Diaries, 30th October 2023, the Wheels on the Bus

I got a message from YouTube asking me to check this video as it was uploaded before 2020. The link didn’t work, but I found the video anyway. MasterB twelve years ago, a young sprig of a cat aged about a year.

He’s sitting beside me now. I’ve just unwrapped a new TV box which I need to set up. But I thought I might blog first. Already just how these weeks post surgery have gone is a bit blurry, so if I want to track back this online diary will help. I’m still in the big boot but wondering if I need to be. My hospital appointment is next Monday, so I intend to keep it on until then, and maybe on the way home too. It does give me confidence, and paired with the one crutch still use, signals to others that I may need consideration. Not everyone heeds the signal, and the other day I was nearly bowled over by a man pushing past me as I made my way to the pedestrian crossing.

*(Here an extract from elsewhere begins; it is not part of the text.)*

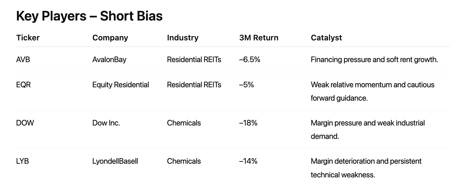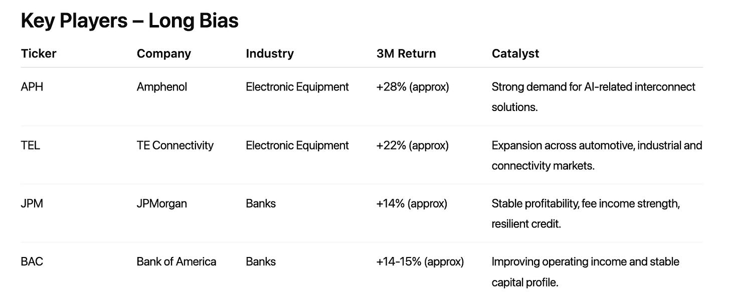 For portfolio construction, opportunity remains concentrated in industries tied to infrastructure, connectivity, and credit resilience. Shorts appear more compelling in sectors exposed to rate pressure or structural demand weakness.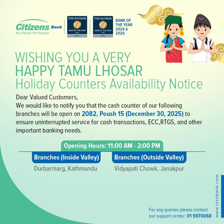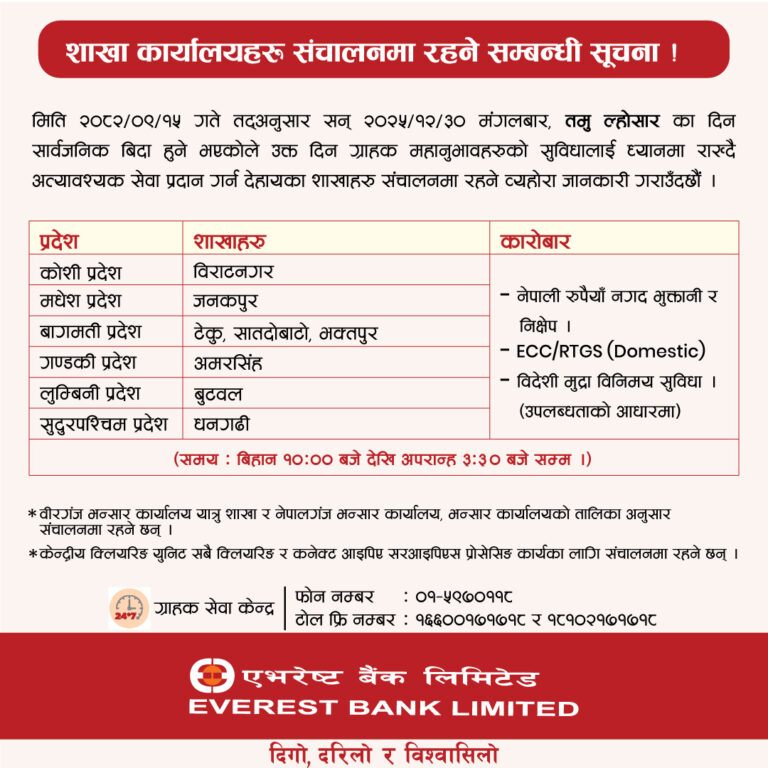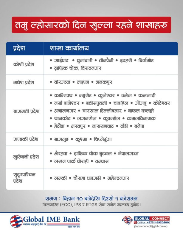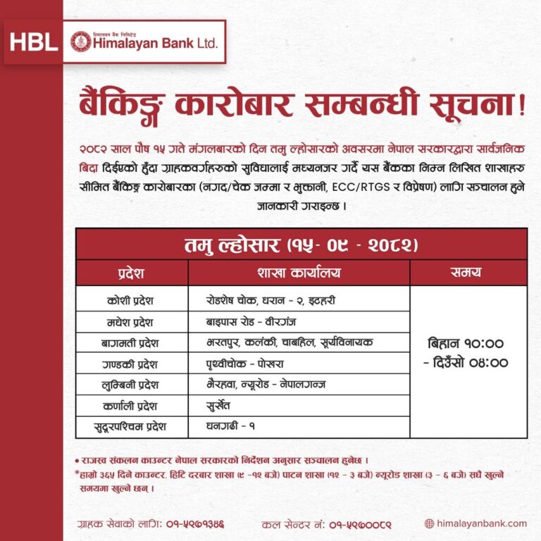काठमाडौं – आज तमु ल्होसारका दिन देशभर सार्वजनिक बिदा छ । बैंकहरुले भने सार्वजनिक बिदाको दिनमा पनि आफ्ना ग्राहकको आवश्यकतालाई मध्यनजर गर्दै सिमित शाखाबाट बैंकहरुले र्बैकिङ्ग सेवा दिने भएका छन् । बैंकहरुले होलिडे काउन्टरमार्फत बैंकिङ्ग सेवा दिने भएका हुन् ।

I was eager to try a bus journey, to spread my wings beyond the hundred yards or so square around my home. Celia obliged, giving me moral support to board a bus and get off it. Three buses in fact. We chose Victoria Street as our destination. The pavements are wide there, the flagstones well maintained, there’s a Marks and Spencer. Perhaps not the most thrilling of outings but nonetheless less. Originally we planned to go yesterday morning, but determined showers of rain made us postpone the outing. By the time we set off it was mid afternoon. The clocks went forward yesterday so sunset was at 16.38.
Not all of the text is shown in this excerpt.